### GIVEN ENTRIES

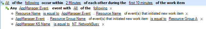 Exchange Serversresource group, you can append additional matching events to the existing work item during its first 10 minutes by configuring the expression as follows:
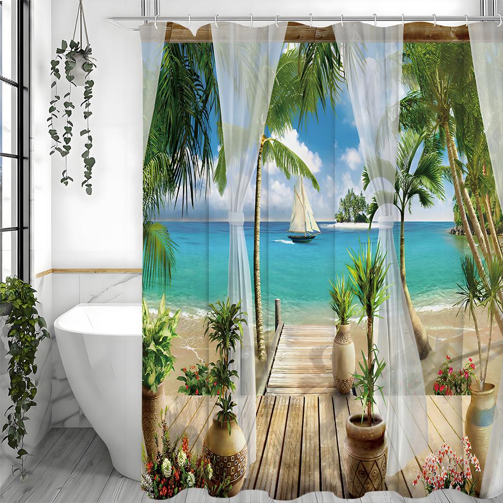 Балкон Пляж Вид на море Занавеска для душа, Цветочный Океан Пальма Парусник Ванная комната Декоративная Занавеска для душа, Водонепроницаемая Занавеска для душа
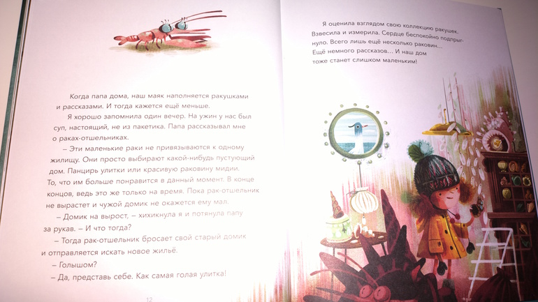Иллюстрации замечательные, рассматривая их, хочется взять кисть в руки и тоже изобразить маяк, море и морских обитателей.
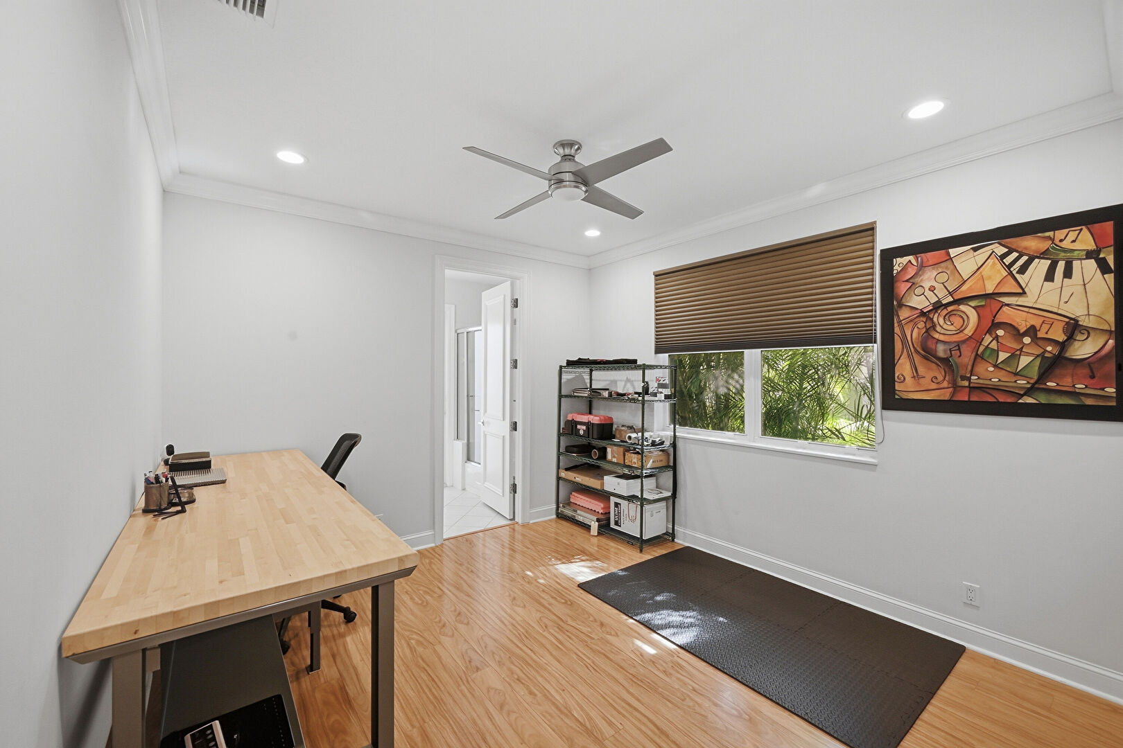 Baseboards Wall, Ceiling Fan, Crown Molding, Drywall, Recessed Lighting, Vent, Wood Finish Floor, Natural Light, Recessed Lighting
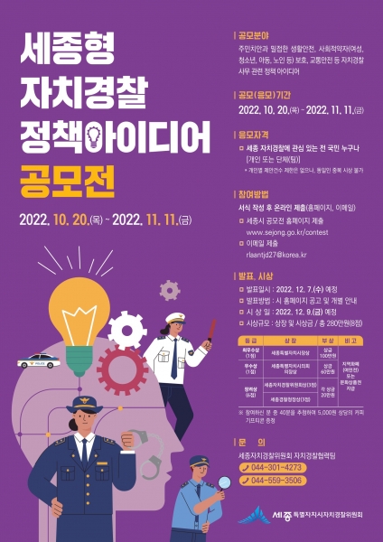[세종타임즈] 세종특별자치시자치경찰위원회가 지역밀착형 자치경찰 시책발굴과 세종자치경찰에 대한 대국민 홍보를 위해 ‘세종형 자치경찰 정책아이디어 공모전’을 20일부터 11월 11일까지 개최한다.
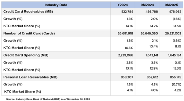 In addition, as a non-bank financial institution under the Krungthai Bank Group, KTC has cooperated with the Bank of Thailand in participating in the “You Fight, We Help” program, both Phase 1 and Phase 2, to support vulnerable borrowers with the potential to recover and resume regular debt repayment. Once borrowers regain their income, they are able to fully settle their debts under the program. The registration for this program closed on September 30, 2025.
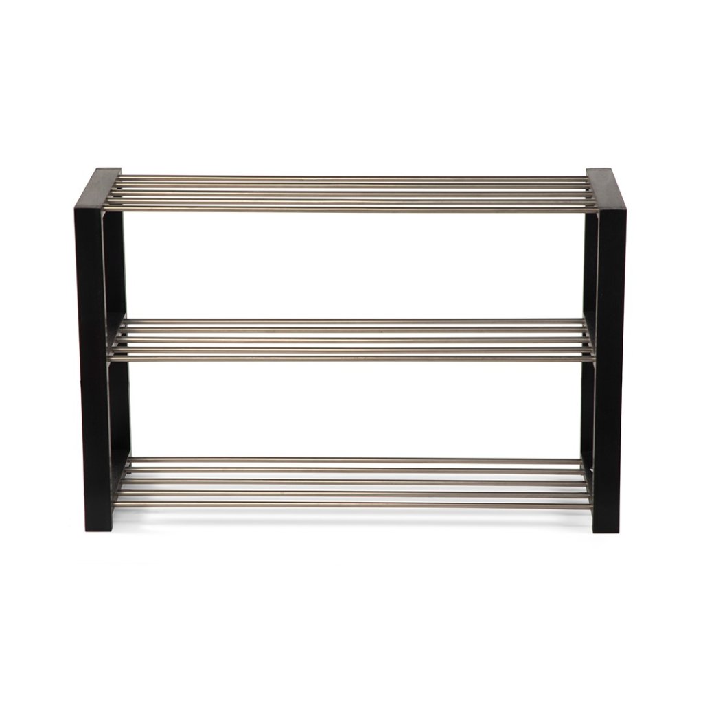 Botník s ocelovou konstrukcí v černé barvě a a ocelovými tyčemi ve stříbrné barvě.
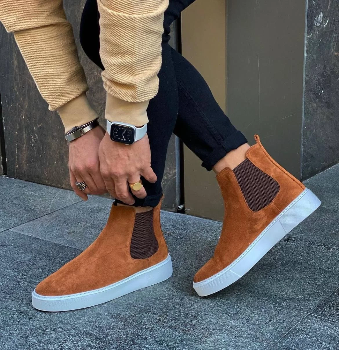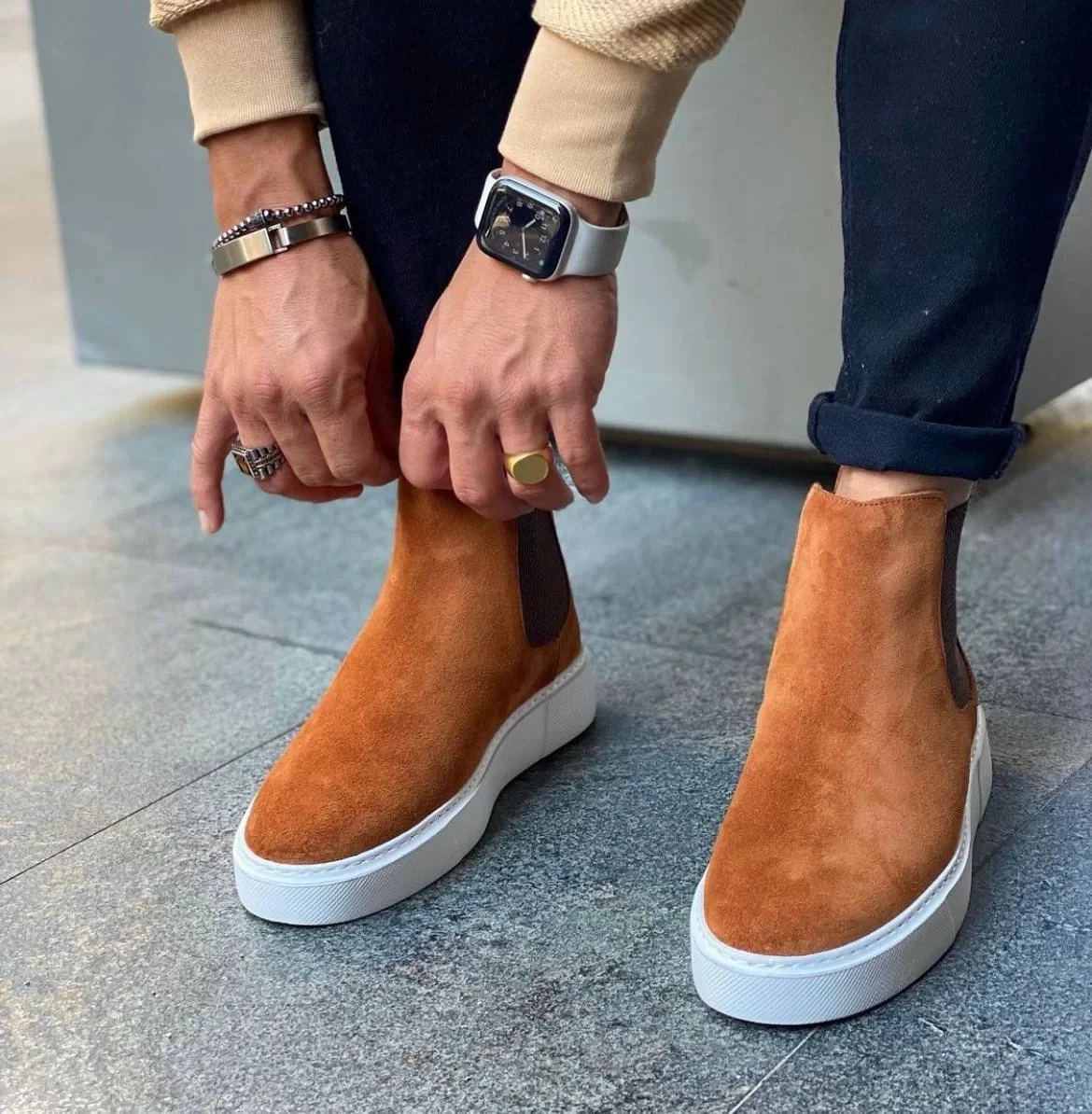Yeni Sezon Erkek Eva Taban Deri Chelsea Bot - Taba

### THE PROBLEM
Repeat the records in full, exactly as they appear, without the pictures.

### TASK OUTPUT
 Exchange Serversresource group, you can append additional matching events to the existing work item during its first 10 minutes by configuring the expression as follows:
 Балкон Пляж Вид на море Занавеска для душа, Цветочный Океан Пальма Парусник Ванная комната Декоративная Занавеска для душа, Водонепроницаемая Занавеска для душа
Иллюстрации замечательные, рассматривая их, хочется взять кисть в руки и тоже изобразить маяк, море и морских обитателей.
 Baseboards Wall, Ceiling Fan, Crown Molding, Drywall, Recessed Lighting, Vent, Wood Finish Floor, Natural Light, Recessed Lighting
[세종타임즈] 세종특별자치시자치경찰위원회가 지역밀착형 자치경찰 시책발굴과 세종자치경찰에 대한 대국민 홍보를 위해 ‘세종형 자치경찰 정책아이디어 공모전’을 20일부터 11월 11일까지 개최한다.
 In addition, as a non-bank financial institution under the Krungthai Bank Group, KTC has cooperated with the Bank of Thailand in participating in the “You Fight, We Help” program, both Phase 1 and Phase 2, to support vulnerable borrowers with the potential to recover and resume regular debt repayment. Once borrowers regain their income, they are able to fully settle their debts under the program. The registration for this program closed on September 30, 2025.
 Botník s ocelovou konstrukcí v černé barvě a a ocelovými tyčemi ve stříbrné barvě.
Yeni Sezon Erkek Eva Taban Deri Chelsea Bot - Taba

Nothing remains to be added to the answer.